In the records below, the line with "サマー 夏物 jxjxf12917931848" opens the range and the line with "今年使用する種籾は、JA仙台" closes it; print that range exactly and nothing else.

Supplied records —
>>>>>
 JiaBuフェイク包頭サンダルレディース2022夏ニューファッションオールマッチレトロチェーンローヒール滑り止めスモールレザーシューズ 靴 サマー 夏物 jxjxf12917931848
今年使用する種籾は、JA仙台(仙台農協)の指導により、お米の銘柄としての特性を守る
<<<<<
>>>>>
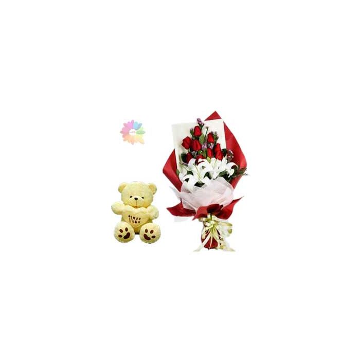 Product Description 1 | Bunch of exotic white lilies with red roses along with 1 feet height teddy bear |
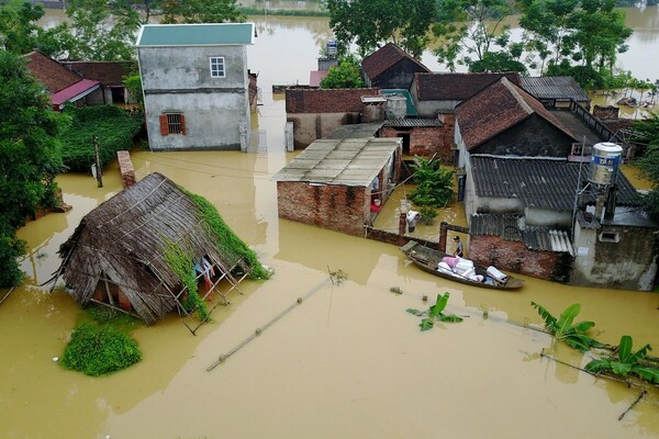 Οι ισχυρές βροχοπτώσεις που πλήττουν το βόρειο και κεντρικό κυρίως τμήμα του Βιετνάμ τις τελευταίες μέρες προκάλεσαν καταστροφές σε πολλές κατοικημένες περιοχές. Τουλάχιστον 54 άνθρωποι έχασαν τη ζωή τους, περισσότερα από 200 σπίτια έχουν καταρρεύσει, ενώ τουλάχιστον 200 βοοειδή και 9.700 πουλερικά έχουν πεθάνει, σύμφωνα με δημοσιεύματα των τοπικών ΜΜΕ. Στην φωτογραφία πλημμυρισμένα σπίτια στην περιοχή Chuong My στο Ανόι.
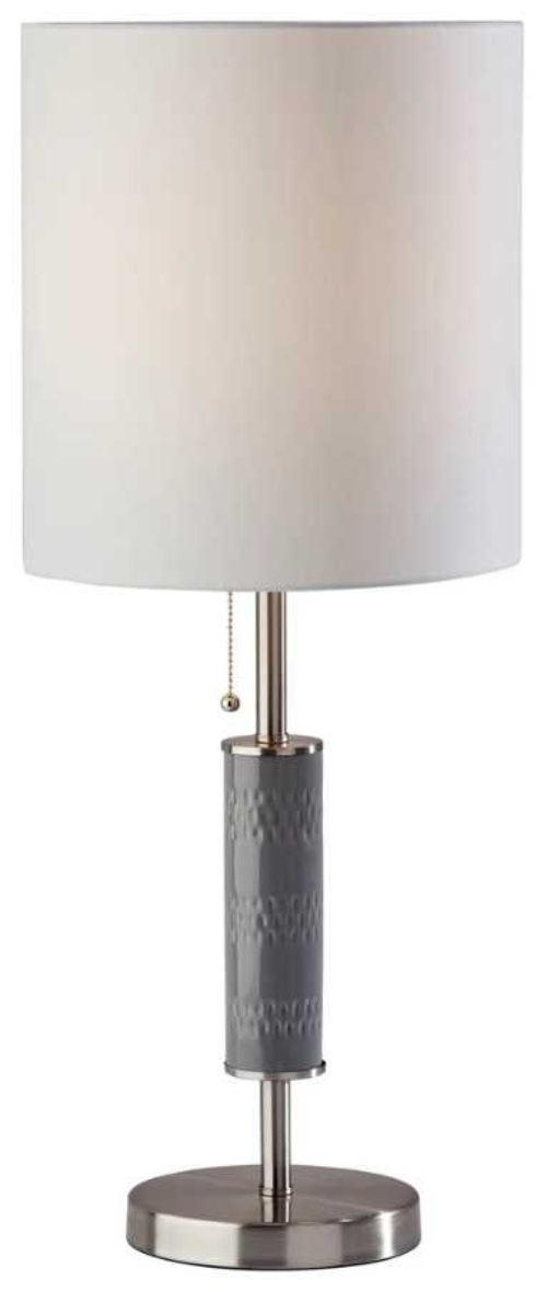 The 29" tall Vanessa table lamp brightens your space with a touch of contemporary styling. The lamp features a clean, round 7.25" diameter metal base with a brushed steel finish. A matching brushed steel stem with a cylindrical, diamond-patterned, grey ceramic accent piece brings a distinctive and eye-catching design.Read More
<<<<<
>>>>>
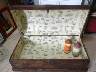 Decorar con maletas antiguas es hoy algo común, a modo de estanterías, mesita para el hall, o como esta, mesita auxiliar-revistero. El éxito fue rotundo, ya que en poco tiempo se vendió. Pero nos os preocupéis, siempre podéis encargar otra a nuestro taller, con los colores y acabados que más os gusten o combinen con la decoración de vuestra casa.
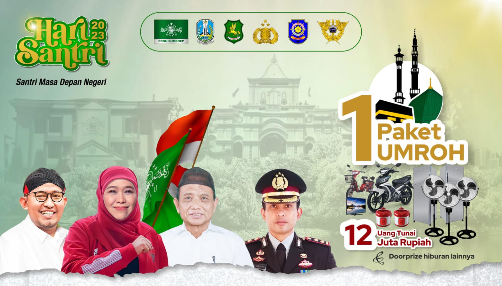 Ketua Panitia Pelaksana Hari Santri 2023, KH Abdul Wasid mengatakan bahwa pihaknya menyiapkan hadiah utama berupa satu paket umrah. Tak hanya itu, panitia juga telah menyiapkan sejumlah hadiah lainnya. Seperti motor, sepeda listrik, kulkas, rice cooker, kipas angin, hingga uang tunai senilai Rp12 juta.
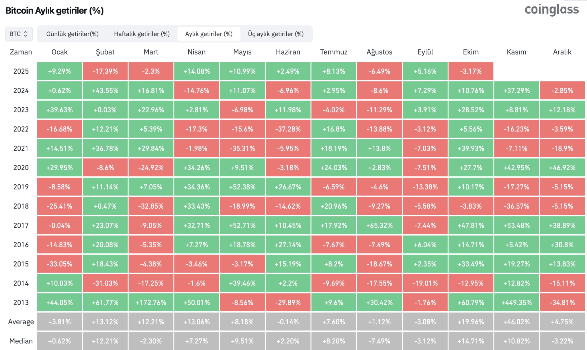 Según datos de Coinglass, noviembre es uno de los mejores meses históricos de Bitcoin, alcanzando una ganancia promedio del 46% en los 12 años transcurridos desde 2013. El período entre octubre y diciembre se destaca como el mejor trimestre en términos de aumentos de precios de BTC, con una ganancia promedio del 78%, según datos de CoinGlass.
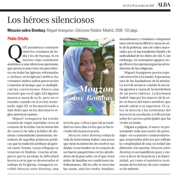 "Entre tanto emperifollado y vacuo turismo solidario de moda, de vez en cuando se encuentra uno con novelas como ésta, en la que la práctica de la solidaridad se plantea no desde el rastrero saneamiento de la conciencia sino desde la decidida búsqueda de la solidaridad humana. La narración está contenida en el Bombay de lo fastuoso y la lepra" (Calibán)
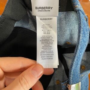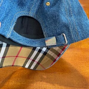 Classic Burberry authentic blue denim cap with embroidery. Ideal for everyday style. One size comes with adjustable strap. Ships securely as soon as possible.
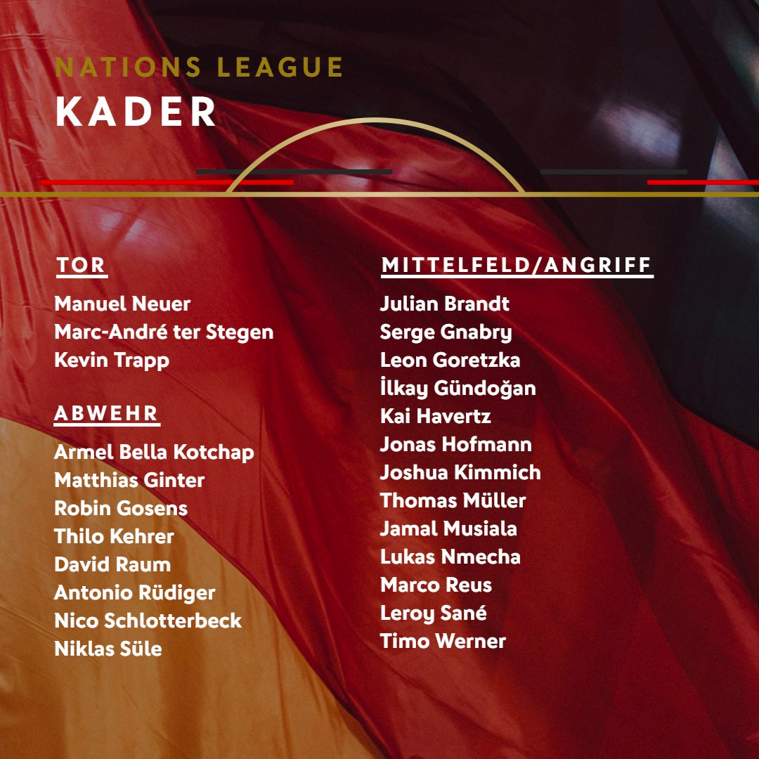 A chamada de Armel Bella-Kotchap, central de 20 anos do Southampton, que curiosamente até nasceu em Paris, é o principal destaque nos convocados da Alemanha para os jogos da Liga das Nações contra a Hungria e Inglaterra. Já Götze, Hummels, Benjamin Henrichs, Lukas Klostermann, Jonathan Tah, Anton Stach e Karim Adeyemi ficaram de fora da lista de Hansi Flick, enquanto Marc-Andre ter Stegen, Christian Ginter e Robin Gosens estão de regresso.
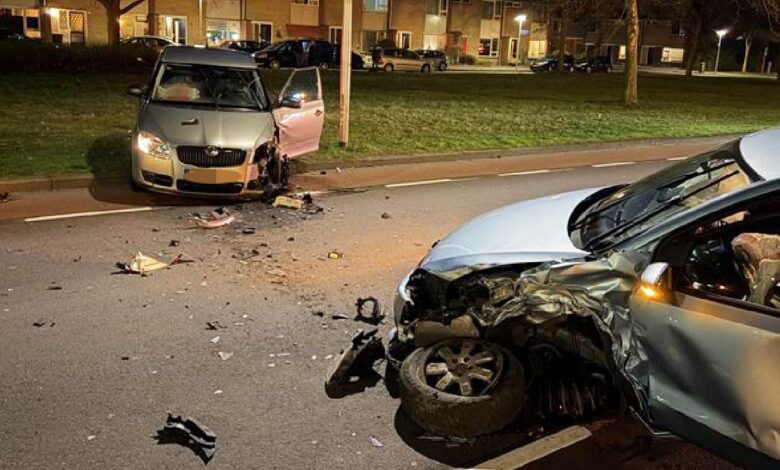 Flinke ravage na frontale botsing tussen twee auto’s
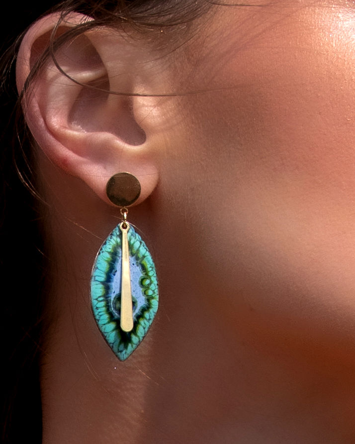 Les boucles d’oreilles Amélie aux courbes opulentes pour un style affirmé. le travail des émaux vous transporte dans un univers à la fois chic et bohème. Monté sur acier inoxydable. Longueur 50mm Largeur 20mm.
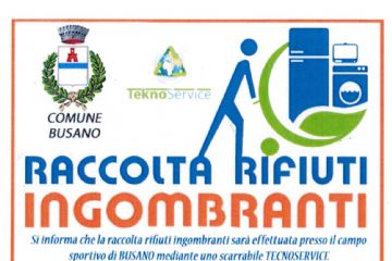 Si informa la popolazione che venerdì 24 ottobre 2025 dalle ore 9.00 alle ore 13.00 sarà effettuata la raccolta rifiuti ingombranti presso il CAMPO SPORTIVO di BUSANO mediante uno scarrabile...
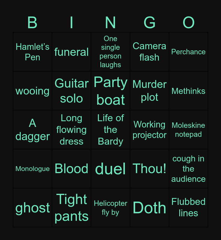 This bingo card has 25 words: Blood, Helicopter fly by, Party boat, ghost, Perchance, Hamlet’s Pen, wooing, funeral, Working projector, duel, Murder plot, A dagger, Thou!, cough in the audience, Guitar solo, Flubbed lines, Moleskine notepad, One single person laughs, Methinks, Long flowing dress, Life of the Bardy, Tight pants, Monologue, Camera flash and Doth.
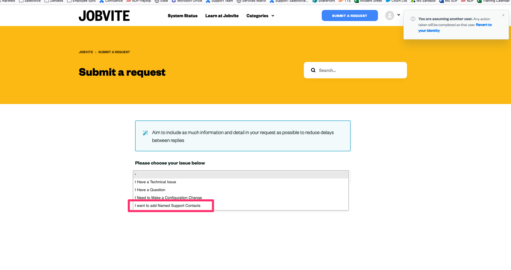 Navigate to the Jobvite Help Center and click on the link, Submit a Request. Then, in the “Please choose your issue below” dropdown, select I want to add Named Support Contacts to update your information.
<<<<<
Exercise answer —
 JiaBuフェイク包頭サンダルレディース2022夏ニューファッションオールマッチレトロチェーンローヒール滑り止めスモールレザーシューズ 靴 サマー 夏物 jxjxf12917931848
今年使用する種籾は、JA仙台(仙台農協)の指導により、お米の銘柄としての特性を守る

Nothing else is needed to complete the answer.